5.3 File System Latency
When analyzing performance, consider the file system as a black box. Look at the latency as it impacts the application and then identify the causes of the latency. For example, if an application is making read() calls at the POSIX layer, your first interest should be in how long each read() takes as a percentage of the overall application thread-response time. Only when you want to dig deeper should you consider the I/O latency behind the read(), such as disk service times—which ironically is where the performance investigation has historically begun. Figure 5.2 shows an example of how you can estimate performance. You can evaluate the percentage of time in the file system (Tfilesys) against the total elapsed time (Ttotal).

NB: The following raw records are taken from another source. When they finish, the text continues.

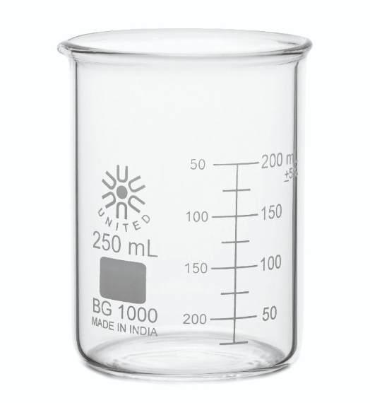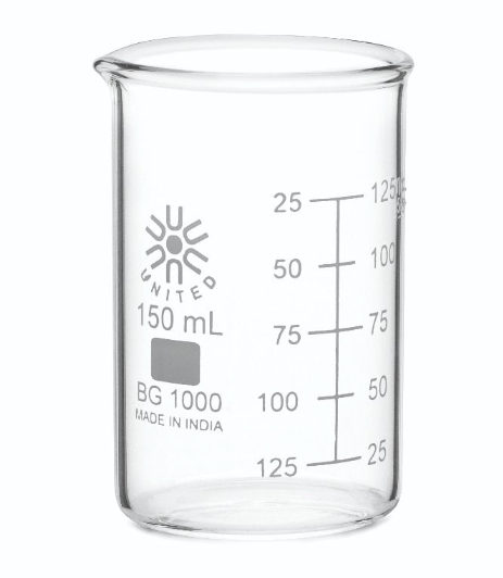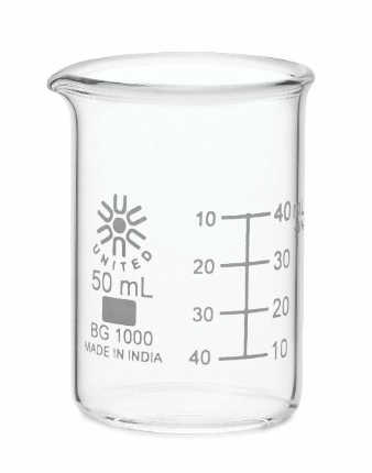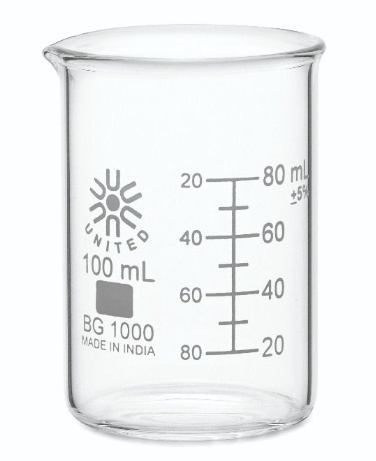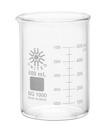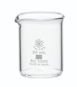 Beakers feature heavy and uniform wall thickness, spouts designed for easy pouring, and beaded tops. The 20ml and larger sizes also have a double-graduated metric scale and a marking area.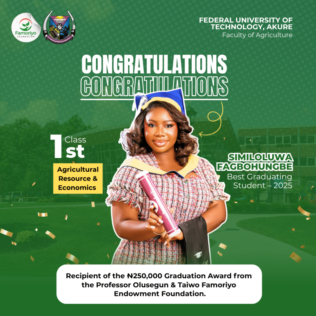 She earned this recognition as the Best Graduating Student from the Faculty of Agriculture, Department of Agricultural Resource and Economics, at the Federal University of Technology, Akure, graduating with a First Class Honours.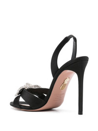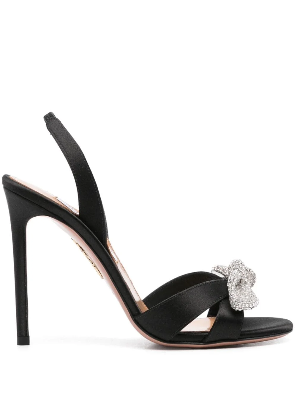 105mm Very Bow Tie Crystal sandals Highlights - Black - Satin finish - Almond open toe - crystal-embellished bow - Branded leather insole - Rubber sole - Stiletto heel - Elasticated slingback strap - This piece comes complete with a protective dust bag. Made in Italy Composition Outer: Satin 100% Lining: Satin 100%, Calf Leather 100% Sole: Calf Leather 100%, Rubber 100% SIZE & FIT Measurement HEEL 4.13 in(10.5 cm)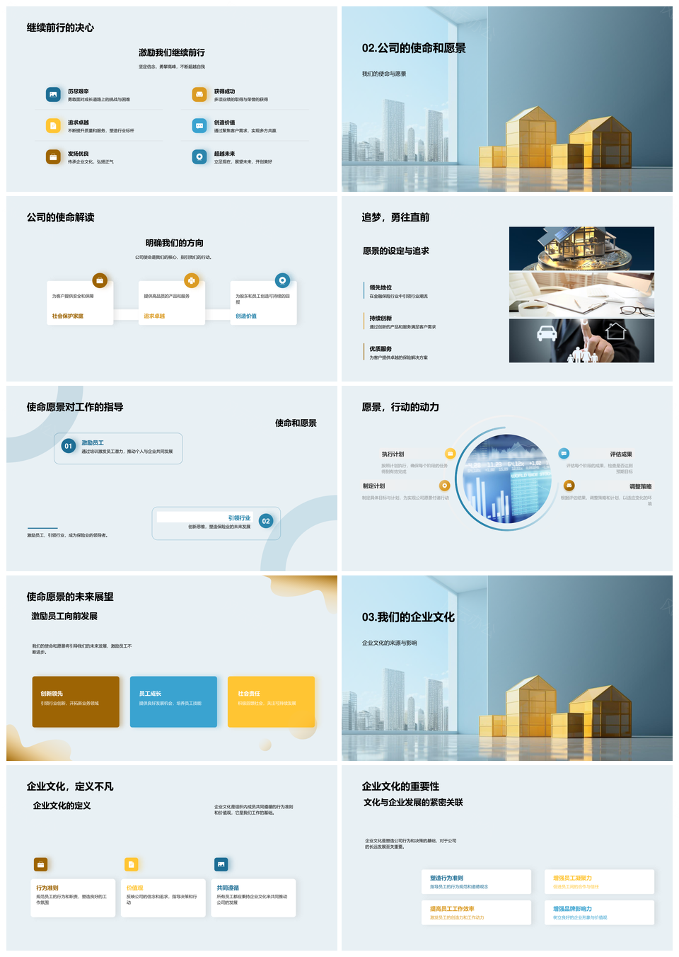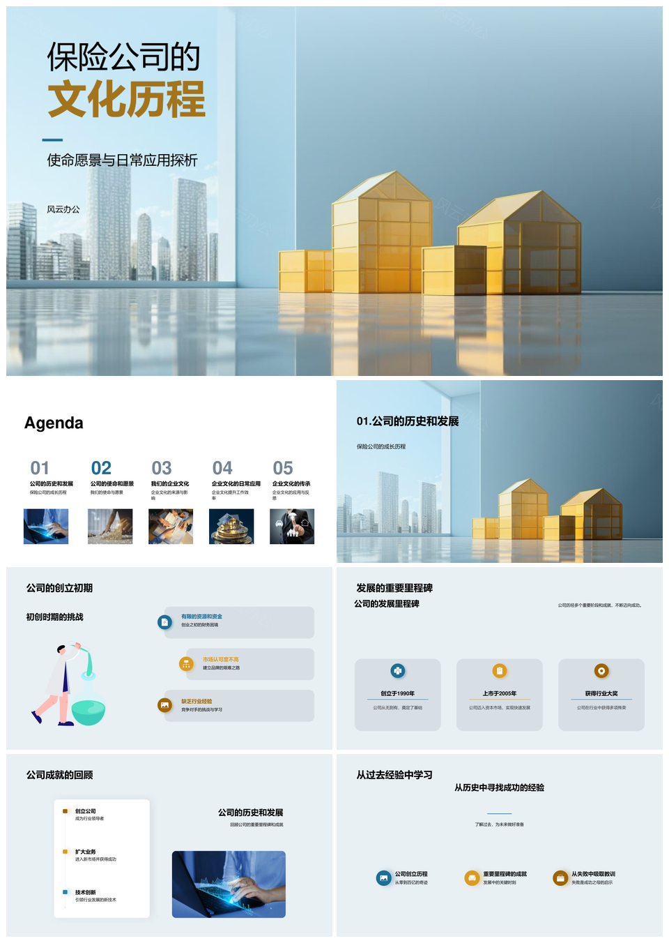 风云办公提供的保险公司文化与使命愿景发展历程PPT模板,下载格式为pptx,一共33页,作品中文字及图均可以修改和编辑,图片更改请在作品中右键图片并更换,文字修改请直接点击文字进行修改。

Figure 5.2 Estimating File System Performance Impact
Using truss, you can examine the POSIX-level I/O calls. You can observe the file descriptor and the size and duration for each logical I/O. In the following example, you can see read() and write() calls during a dd between two files.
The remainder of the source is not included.